▶ [HOW TO COMPLETE THIS TASK]
Up to and including the line holding "View from USGS", write out the data exactly from its first line, but not the pictures.

▶ [EXTRACTED ENTRIES]
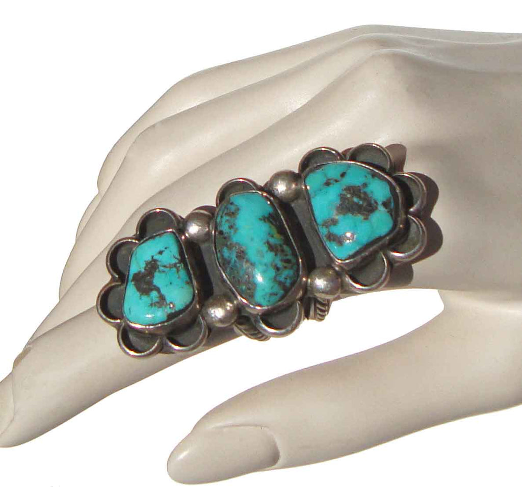 Three large and vivid stones of Kingman turquoise are featured on this vintage statement ring by JLC for Chimney Butter, also known as Eric Chase Nelson.
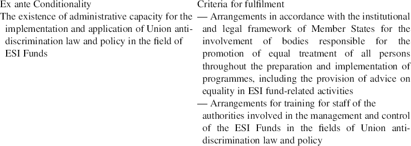 58 See for instance the example of non-discrimination conditionality, Regulation (EU) 1303/2013, Annex XI, Part 2, point 1, see note 40 above:
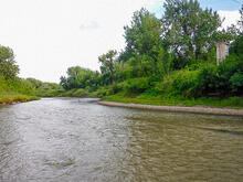 View from USGS 06174500 streamgage in late summer looking at the Milk River
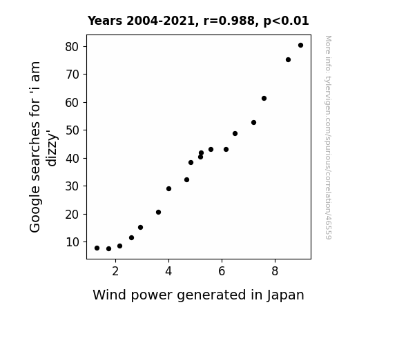 This means 97.7% of the change in the one variable (i.e., Wind power generated in Japan) is predictable based on the change in the other (i.e., Google searches for 'i am dizzy') over the 18 years from 2004 through 2021.
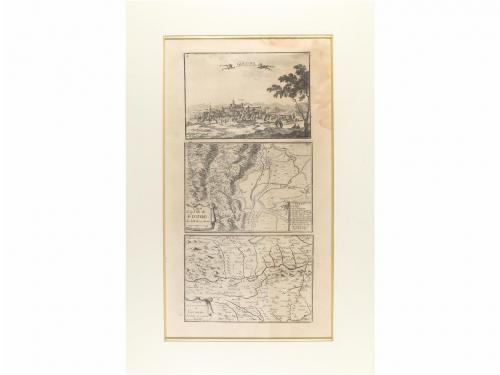 1720 ca. GRABADO. [BEAULIEU:]. GIRONA. Tres grabados de Girona de 11 x 15 cm sobre una gran hoja de papel. El primero de ellos contiene una vista general de la ciudad, el segundo un mapa con el plano de la villa y el tercero un mapa de la zona y los pueblos circundantes. Leve cerco de humedad en una esquina.
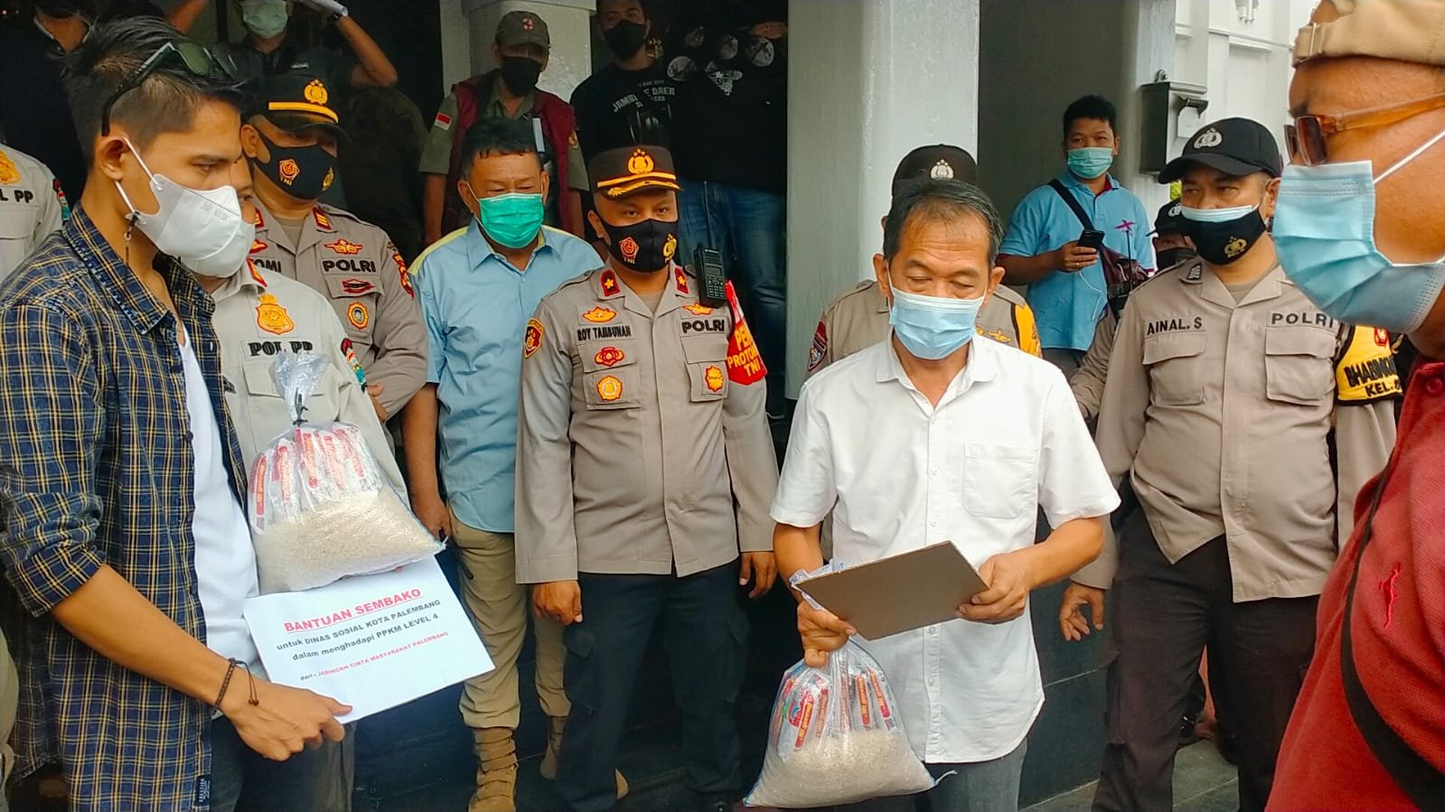 Dari itu kami menggugah hati Wali Kota Palembang, supaya cepat membantu masyarakat dalam kondisi PPKM level 4,” ujar Rahmat Sandi dalam orasinya di kantor Wali Kota Palembang.
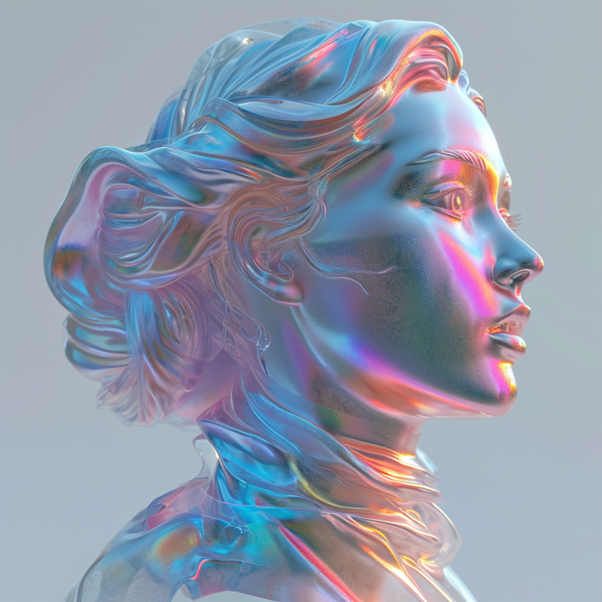 venus de milo statue made with holographic liquid, grey background::3 extreme macro photo of clean polished glass, edges with light from four different colors, depth of field, blurred, dark navy and dark azure, grey background, natural colors --v 6.0 --style raw --s 500 --c 3 --w 1
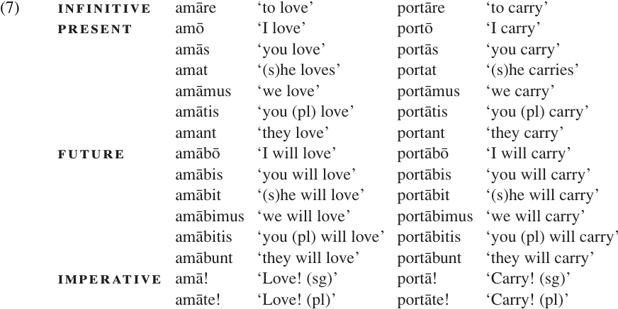 3. Latin does, however, have a distinct “future imperative” form, used when there is an overt adverbial phrase designating a future time, or in “timeless” permanent instructions which are always in force (AllenandGreenough1931). Only the present and future tenses are shown in (7); see Analyzing word structure (24) for examples of past tense forms.

▶ [SOLUTION]
 Three large and vivid stones of Kingman turquoise are featured on this vintage statement ring by JLC for Chimney Butter, also known as Eric Chase Nelson.
 58 See for instance the example of non-discrimination conditionality, Regulation (EU) 1303/2013, Annex XI, Part 2, point 1, see note 40 above:
 View from USGS 06174500 streamgage in late summer looking at the Milk River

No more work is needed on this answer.